Banksy's stolen painting at the Bataclan theatre in Paris.
Banksy's stolen painting at the Bataclan theatre in Paris.
Image: Getty Images / Chesnot

Early Saturday morning, an alarm went off at the Bataclan theatre in Paris. It is most famous these days as the site of the terrorist attack in 2015 that left 90 people dead. When police arrived last week, they found an emergency door had been ripped from its hinges and all that remained was a screwdriver on the ground. The reason for the door’s removal? It was the site of a piece of art by the world’s most famous and elusive street artist, Banksy, who had painted an image of a veiled, mourning figure on it in tribute to those who died in the attack, during a visit to Paris last year.

Thieves removed the door and its work in less than 10 minutes and didn’t seem to give a hoot about what it might have meant symbolically to the people of Paris.
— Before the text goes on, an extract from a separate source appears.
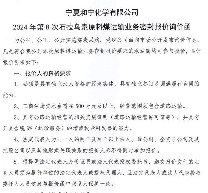 寧夏和寧化學(xué)有限公司2024年第8次石拉烏素原料煤運(yùn)輸業(yè)務(wù)密封報(bào)價(jià)詢(xún)價(jià)函.pdf [全文]
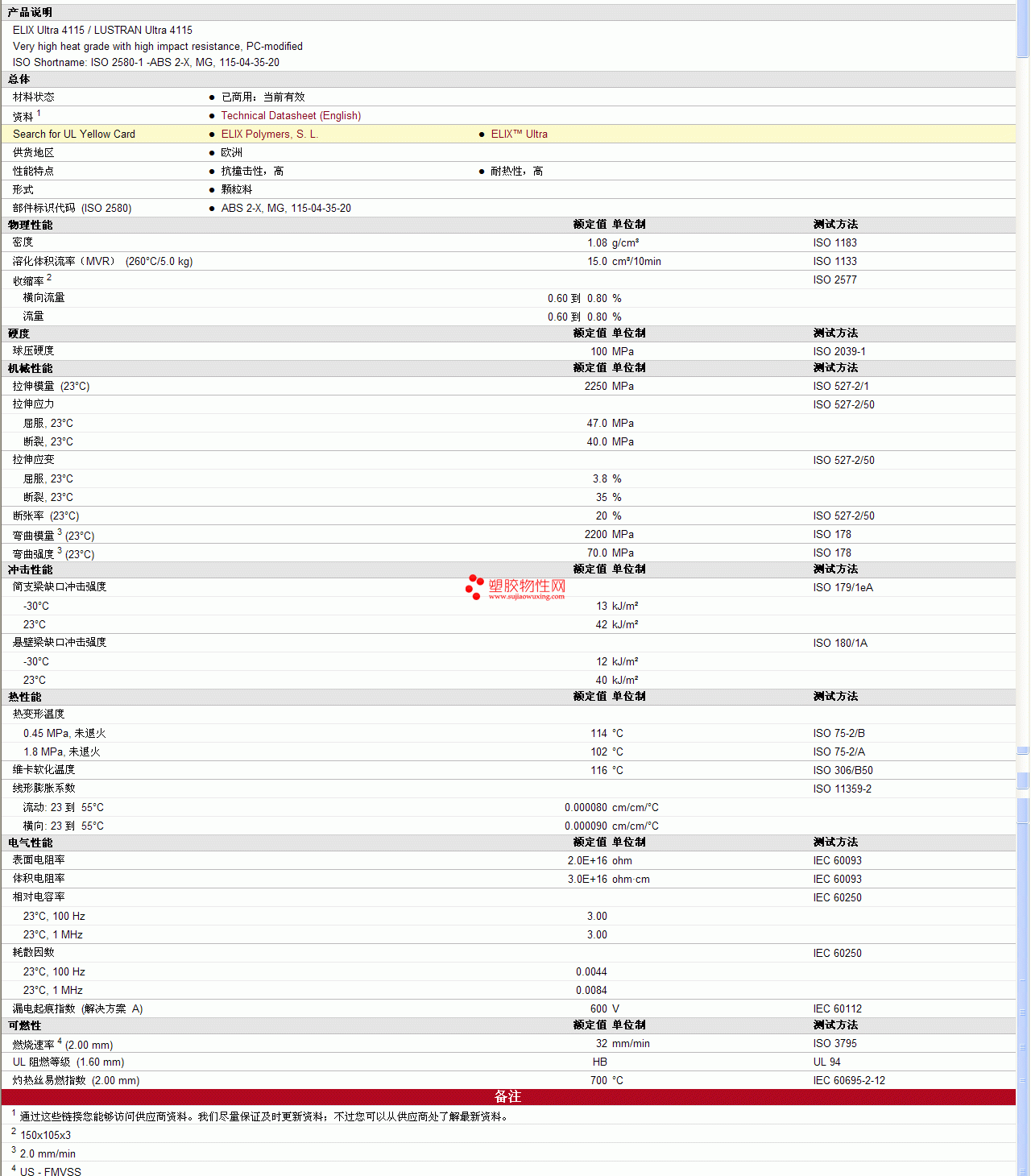 | 溶化体积流率(MVR) (260°C/5.0 kg) | 15.0 | cm³/10min | ISO 1133 |

Because of the nature of the works and the celebrity attached to their author, Banksy pieces have often been the victims of theft, and destruction

In a tweet on Sunday, the Bataclan wrote, “We are today filled with a deep sense of indignation. The work of Banksy, a symbol of remembrance belonging to all — locals, Parisians, citizens of the world — has been taken from us.” In a simultaneous statement released on Instagram the theatre added, “The very essence of street art is to give life to a work of art in a specific environment, and we are persuaded that this work has no meaning except in this place. This is the reason why we wished to leave it, free, on the street, accessible to all.”

Because of the nature of the works and the celebrity attached to their author, Banksy pieces have often been the victims of theft, and destruction - either by other artists or, as in the infamous Christie’s auction incident last year, by the artist himself.

Banksy’s official Instagram has yet to make any comment on the theft of the Bataclan mural but in 2008 the artist did make a statement expressing his frustration with the increasing incidents of his work being removed, in which he advised, “For the sake of keeping all street art where it belongs, I’d encourage people not to buy anything by anybody unless it was created for sale in the first place.”